- Pull the code from the github repository from the "development" branch.
- check for the available environment in your machine by running the below code
- "jupyter kernelspec list"
- If an environment with the name "conda-base-py" is not found, you need to create and add conda env as a Jupyter kernel
- The development was done on the environment called "conda-base-py". If you don't have an environment with this name, please create one and activate it.
- create environment -> "conda create --name conda-base-py python=3.9"
- activate environment -> "conda activate conda-base-py"
- add the conda env to jupyter - > "python -m ipykernel install --user --name conda-base-py --display-name "conda-base-py"
- run the following command in anaconda terminal to install the required packages
"pip install jupyter python-dotenv py2neo pandas numpy seaborn matplotlib plotly dash papermill mysql psycopg2 pathlib dotenv neo4j pymongo kaleido dagster dagster-webserver openpyxl"

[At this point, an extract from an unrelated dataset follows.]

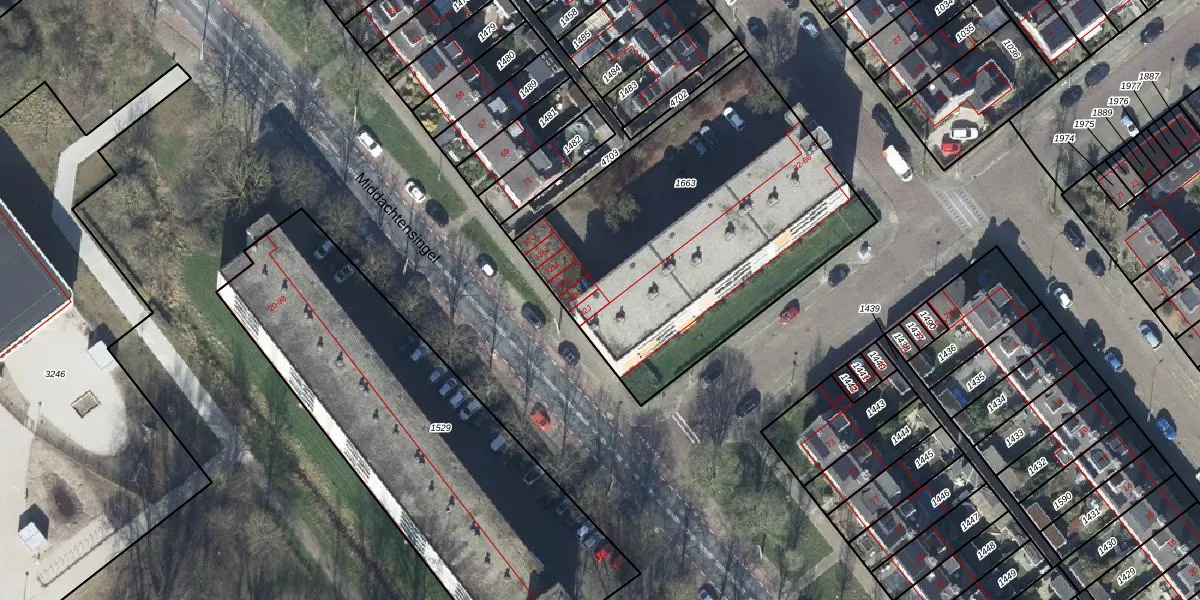 Het perceel waarop Teisterbantstraat 32-J staat heeft een oppervlakte van 1753 m². Dit is een zeer groot perceel. De perceeloppervlakte wordt geregistreerd door het Kadaster. Gedetailleerde informatie over de maten van dit perceel kunt u vinden in het rapport Kadastrale kaart met maatvoering van Teisterbantstraat 32-J.

- Make sure all the database configurations are updated according to your database connection by updating the configuration values in the ".env" file found in the root directory.
- Next run the dagster pipeline with the following command in the Anaconda terminal from the root directory of the project.
- dagster dev -f pipeline.py
- After dagster successfully launches, you need to materialize all the assets and wait for them to complete their run successfully.
- When all the assets in the pipeline are successfully executed then we can start the Dashboard
- navigate to Dashboard/Dashboard.ipynb and run the jupyter notebook file completely
- the dashboard will be opened in a web browser tab.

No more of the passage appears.